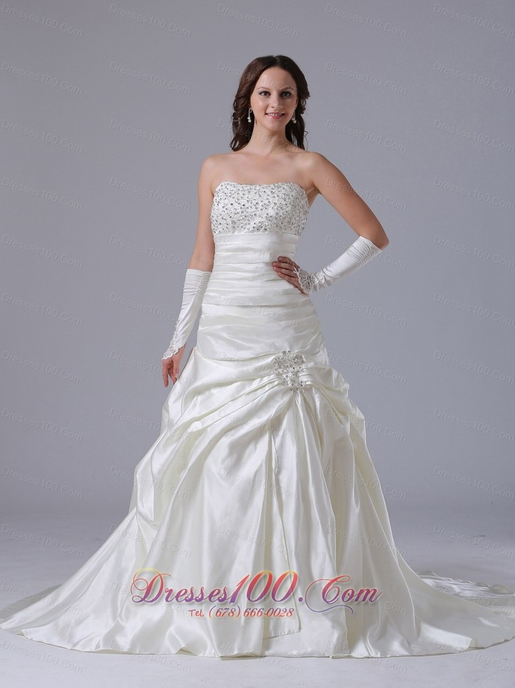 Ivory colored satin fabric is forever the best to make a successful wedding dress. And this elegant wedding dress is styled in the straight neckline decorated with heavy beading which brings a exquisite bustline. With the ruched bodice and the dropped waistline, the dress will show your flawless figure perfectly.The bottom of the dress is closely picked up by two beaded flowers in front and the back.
○ ○ ○ ○ ○
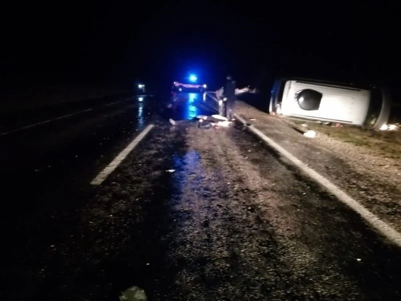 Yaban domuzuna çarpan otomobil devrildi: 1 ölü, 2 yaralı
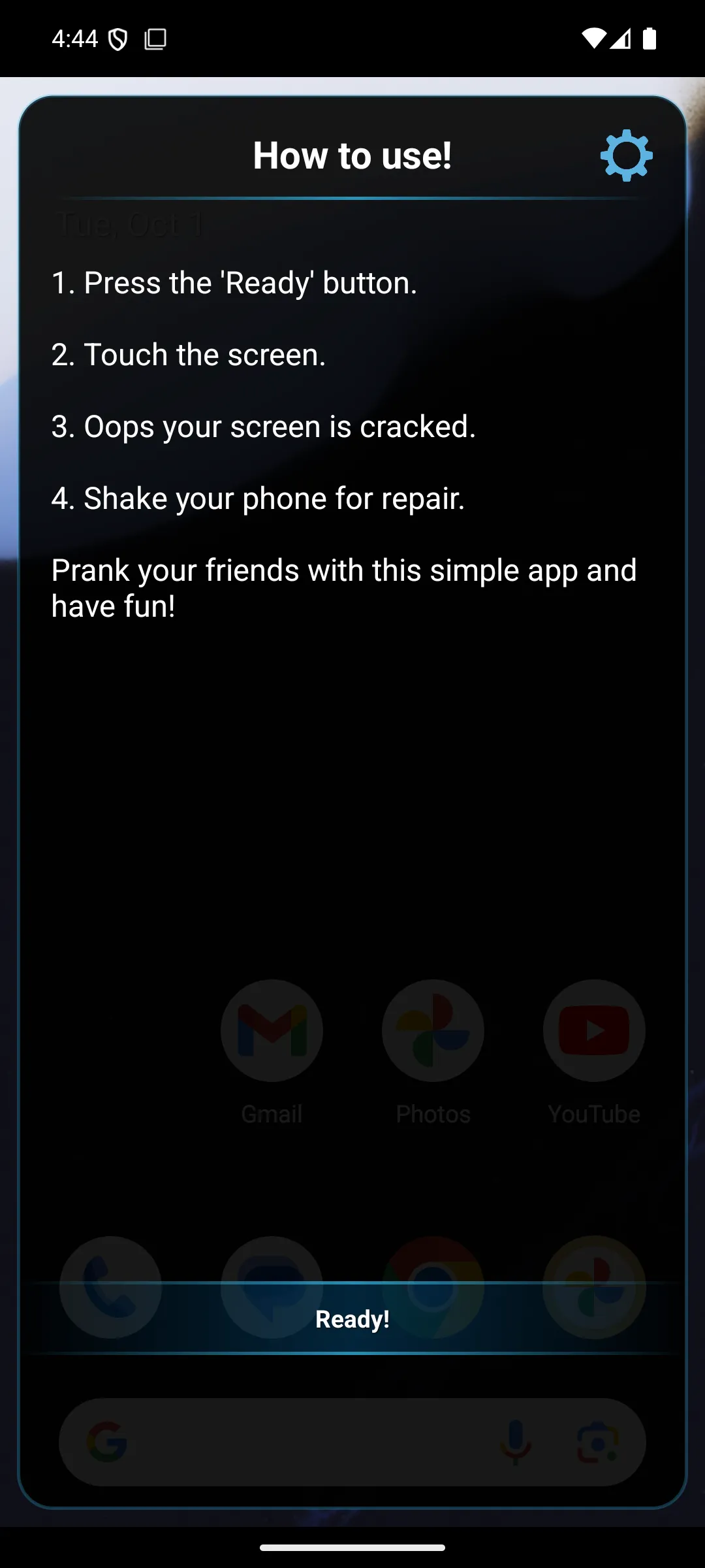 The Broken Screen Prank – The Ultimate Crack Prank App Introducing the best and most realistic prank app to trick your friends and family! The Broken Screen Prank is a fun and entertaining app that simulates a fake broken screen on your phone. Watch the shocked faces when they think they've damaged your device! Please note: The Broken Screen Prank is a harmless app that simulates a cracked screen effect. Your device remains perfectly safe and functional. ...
○ ○ ○ ○ ○
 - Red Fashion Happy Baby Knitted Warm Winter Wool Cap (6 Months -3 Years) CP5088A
○ ○ ○ ○ ○
Using the records above, print exactly the run of lines that starts with the line with "Yaban domuzuna çarpan" and goes on through the line with "The Broken Screen Prank –", pictures excluded.

 Yaban domuzuna çarpan otomobil devrildi: 1 ölü, 2 yaralı
 The Broken Screen Prank – The Ultimate Crack Prank App Introducing the best and most realistic prank app to trick your friends and family! The Broken Screen Prank is a fun and entertaining app that simulates a fake broken screen on your phone. Watch the shocked faces when they think they've damaged your device! Please note: The Broken Screen Prank is a harmless app that simulates a cracked screen effect. Your device remains perfectly safe and functional. ...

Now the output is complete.